§ **PROVIDED RECORDS**:
****************
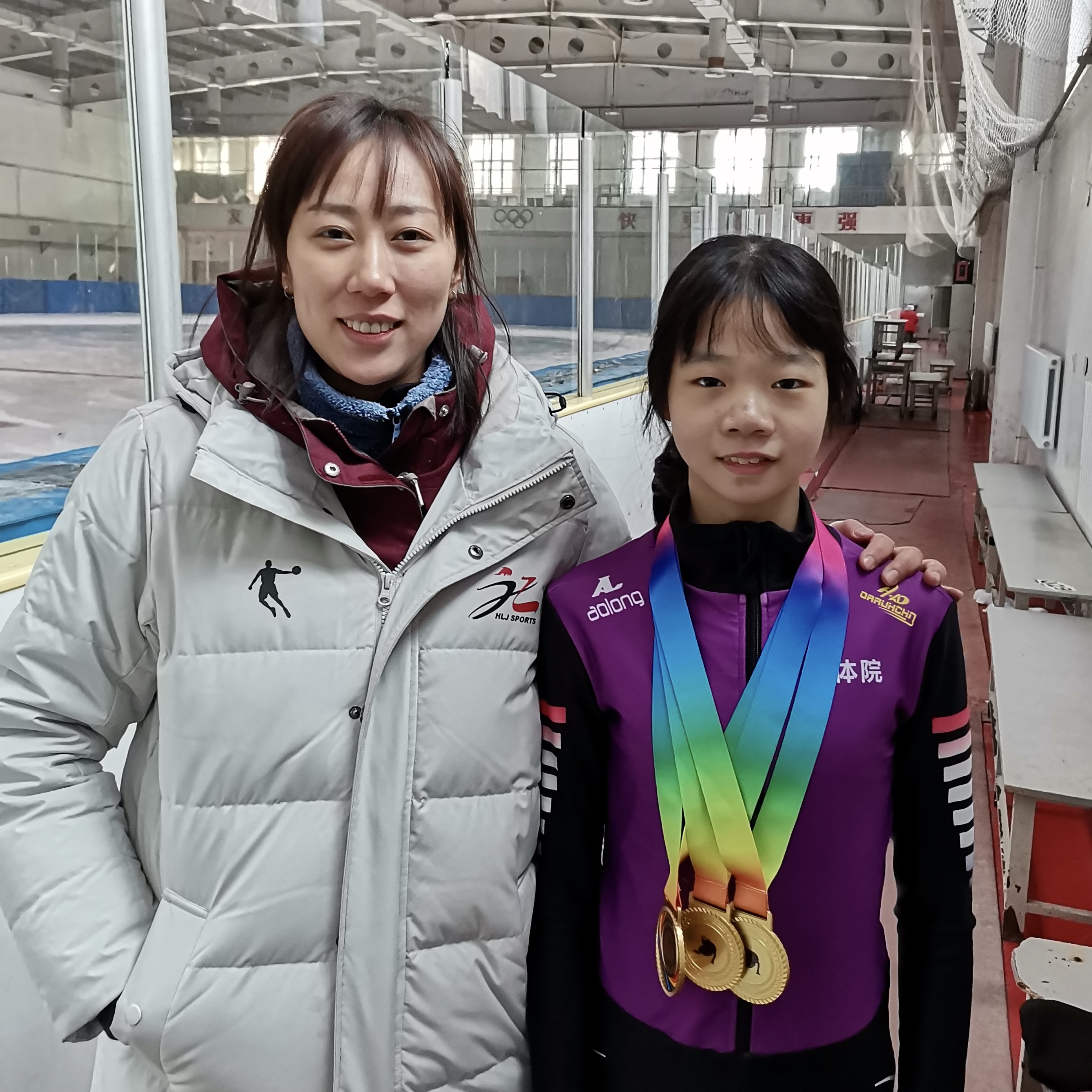 在哈尔滨市中小学短道速滑比赛中,南岗区八年级学生吕婉钰(右)获得多个项目冠军。
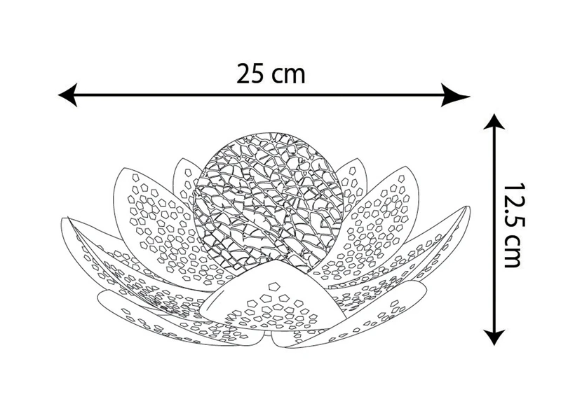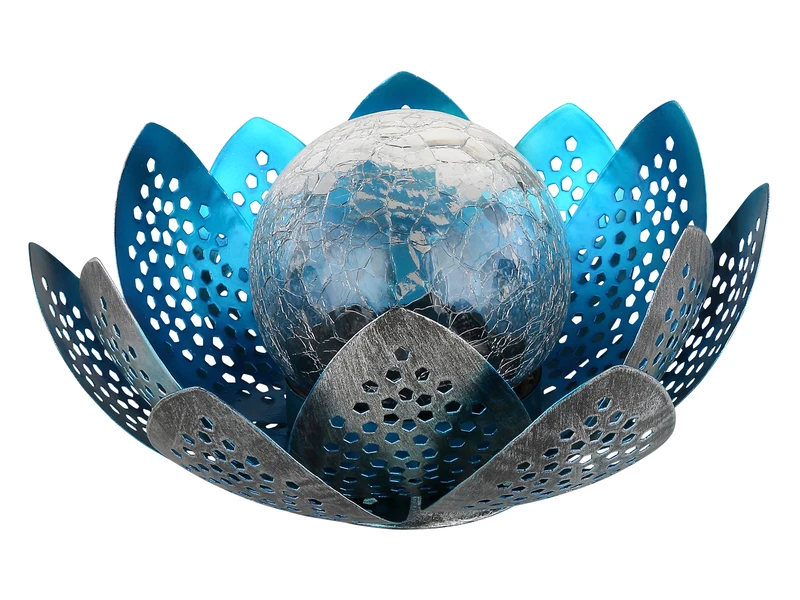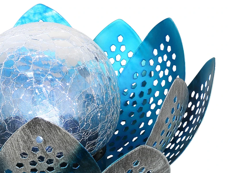 Diese Solarleuchte in Form einer Seerose ist mit einer blauen Glaskugel in Bruchoptik versehen, welche in 6.500 Kelvin tageslichtweiß leuchtet. Sie hat einen Durchmesser von 25cm, besteht aus Metall mit einer Dekorstanzung in Silber-Blau und ist ein schönes Dekorationselement für Ihren Outdoor Bereich. An der Unterseite der Leuchte befindet sich ein Schiebeschalter zum Ein- und Ausschalten.
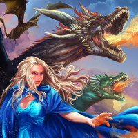 a dynamic pose with her hair flowing behind her, and she is looking into the distance. Behind her are three dragons of
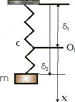 В положении этого статического равновесия выберем начало координат системы для определения движения груза. Направление оси выберем вниз. Движение груза будет развиваться по второму закону Ньютона
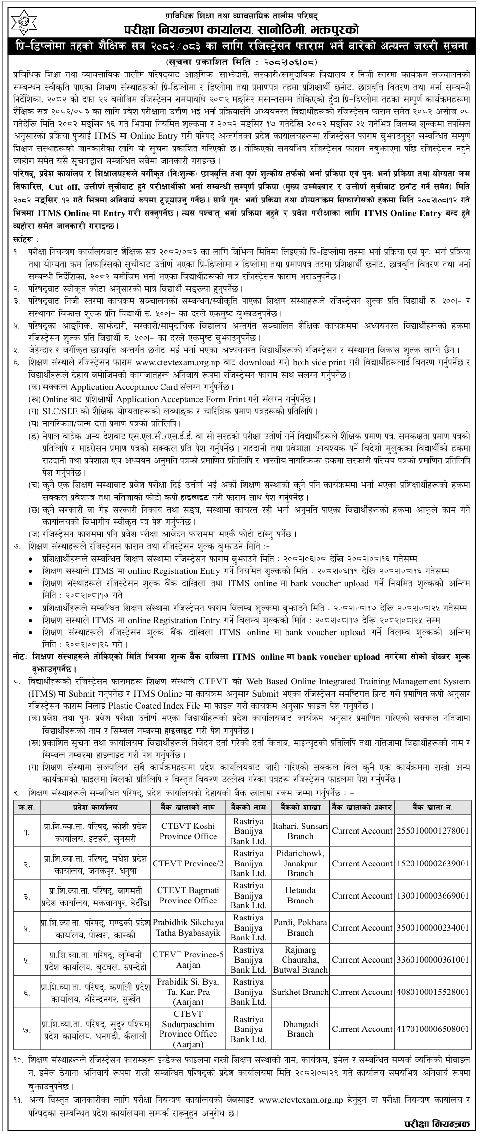 The Council for Technical Education and Vocational Training (CTEVT) notified its affiliated, constituent, and community institutions that run the Pre-Diploma, Diploma/Certificate level programs to send the filled-up registration forms of all programs of the students who have passed the entrance examinations of the Pre-Diploma for the academic year 2082/82 to the Council on the following dates:
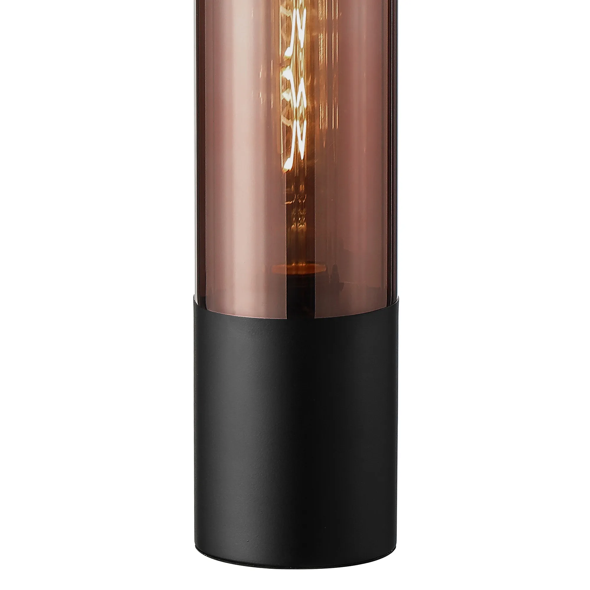 Melville 12cm Pendant With Tubular Glass, 1 x E27, Satin Black/Copper Fade/Black Braided Twisted Cable
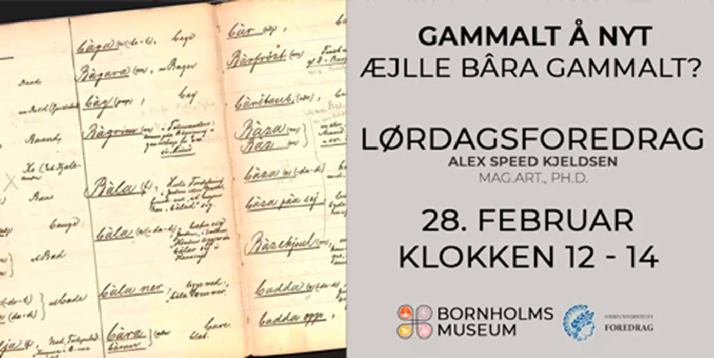 Under overskriften “Gammalt å nyt æjlle bâra gammalt?” vil Alex Speed Kjeldsen tale om de modsatrettede strømninger, der kan registreres i relation til arbejdet med og for det bornholmske i 1920’erne, 30’erne og 40’erne, en periode, der med rette kan betegnes som guldalderen for bornholmsk dialektlitteratur.
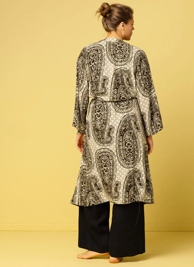 Lång mönstrad kimono i lyxig viskos med härlig tyngd. Knytband i midjan och fickor fram.
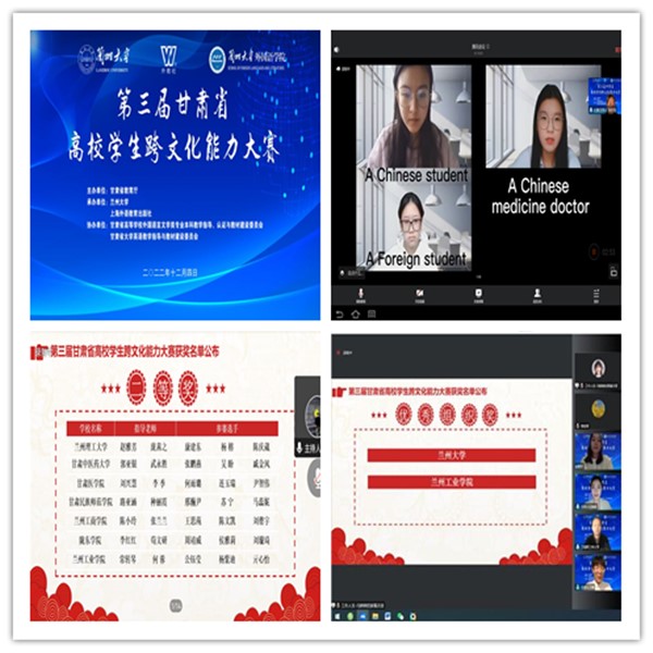 12月4日,由甘肃省教育厅主办,兰州大学和上海外语教育出版社承办的第三届甘肃省高校学生跨文化能力大赛落下帷幕,省内17所高校代表队参加了比赛。 比赛通过腾讯会议在线上进行。经过案例展示、案例提问、跨文化知识提问等三个环节的激烈角逐,我校商英21班公钰莹,造价22班杨紫迪、亓心怡组成的代表队(指导教师:常转琴 何蓉)荣获二等奖;学校荣获优秀组织奖。 此次大赛以“着眼世界增进国际理解,立足中国坚定文化自信”为主题,为师生搭建了一个展示跨文化能力风采、交流跨文化教学经验的对话平台,对推动学校英语教学、创新教学方法、展示教学水平具有积极意义。
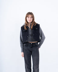 The ultimate layering piece for a cool and modern look. This quilted cropped vest combines style and function, featuring a boxy, cropped silhouette and soft quilted texture. Designed to be versatile, it’s perfect for adding warmth without sacrificing style.
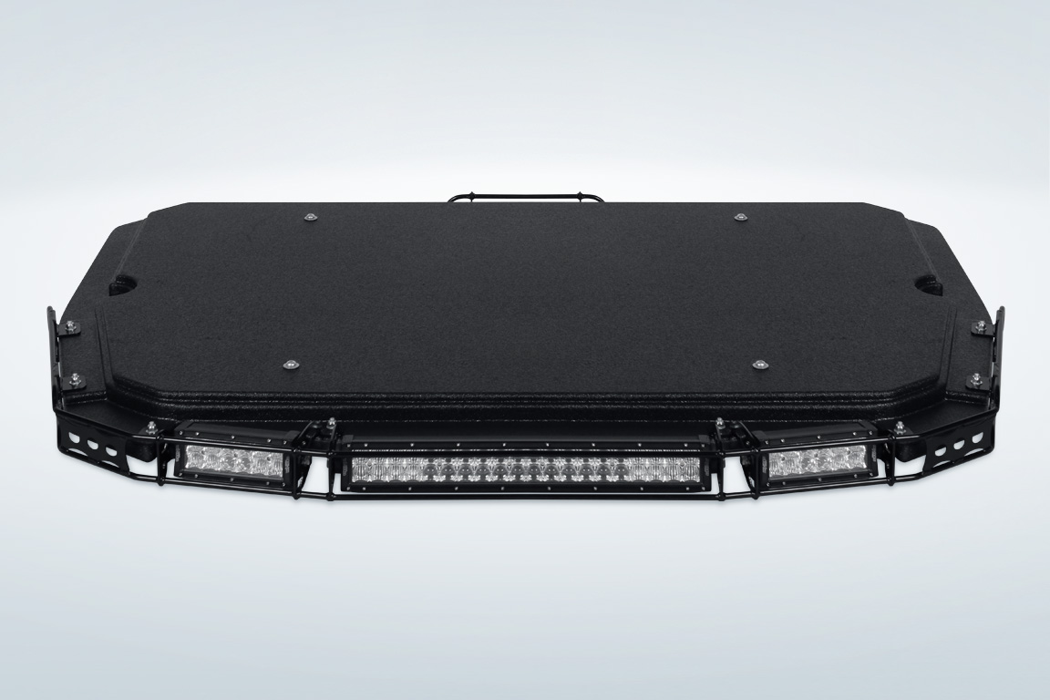 This photo shows an example of the beam spread of a tri-light LED configuration. Each LED bar features a double row of 5 watt Phillips LEDs. The flood part of the combo pattern delivers close range illumination, and the spotlight part delivers the extreme distance illumination. Click the image to enlarge.
****************
§ **WHAT YOU WILL DO**:
I'd like the material repeated word for word, without the pictures it holds.

§ **YOUR RESPONSE**:
 在哈尔滨市中小学短道速滑比赛中,南岗区八年级学生吕婉钰(右)获得多个项目冠军。
 Diese Solarleuchte in Form einer Seerose ist mit einer blauen Glaskugel in Bruchoptik versehen, welche in 6.500 Kelvin tageslichtweiß leuchtet. Sie hat einen Durchmesser von 25cm, besteht aus Metall mit einer Dekorstanzung in Silber-Blau und ist ein schönes Dekorationselement für Ihren Outdoor Bereich. An der Unterseite der Leuchte befindet sich ein Schiebeschalter zum Ein- und Ausschalten.
 a dynamic pose with her hair flowing behind her, and she is looking into the distance. Behind her are three dragons of
 В положении этого статического равновесия выберем начало координат системы для определения движения груза. Направление оси выберем вниз. Движение груза будет развиваться по второму закону Ньютона
 The Council for Technical Education and Vocational Training (CTEVT) notified its affiliated, constituent, and community institutions that run the Pre-Diploma, Diploma/Certificate level programs to send the filled-up registration forms of all programs of the students who have passed the entrance examinations of the Pre-Diploma for the academic year 2082/82 to the Council on the following dates:
 Melville 12cm Pendant With Tubular Glass, 1 x E27, Satin Black/Copper Fade/Black Braided Twisted Cable
 Under overskriften “Gammalt å nyt æjlle bâra gammalt?” vil Alex Speed Kjeldsen tale om de modsatrettede strømninger, der kan registreres i relation til arbejdet med og for det bornholmske i 1920’erne, 30’erne og 40’erne, en periode, der med rette kan betegnes som guldalderen for bornholmsk dialektlitteratur.
 Lång mönstrad kimono i lyxig viskos med härlig tyngd. Knytband i midjan och fickor fram.
 12月4日,由甘肃省教育厅主办,兰州大学和上海外语教育出版社承办的第三届甘肃省高校学生跨文化能力大赛落下帷幕,省内17所高校代表队参加了比赛。 比赛通过腾讯会议在线上进行。经过案例展示、案例提问、跨文化知识提问等三个环节的激烈角逐,我校商英21班公钰莹,造价22班杨紫迪、亓心怡组成的代表队(指导教师:常转琴 何蓉)荣获二等奖;学校荣获优秀组织奖。 此次大赛以“着眼世界增进国际理解,立足中国坚定文化自信”为主题,为师生搭建了一个展示跨文化能力风采、交流跨文化教学经验的对话平台,对推动学校英语教学、创新教学方法、展示教学水平具有积极意义。
 The ultimate layering piece for a cool and modern look. This quilted cropped vest combines style and function, featuring a boxy, cropped silhouette and soft quilted texture. Designed to be versatile, it’s perfect for adding warmth without sacrificing style.
 This photo shows an example of the beam spread of a tri-light LED configuration. Each LED bar features a double row of 5 watt Phillips LEDs. The flood part of the combo pattern delivers close range illumination, and the spotlight part delivers the extreme distance illumination. Click the image to enlarge.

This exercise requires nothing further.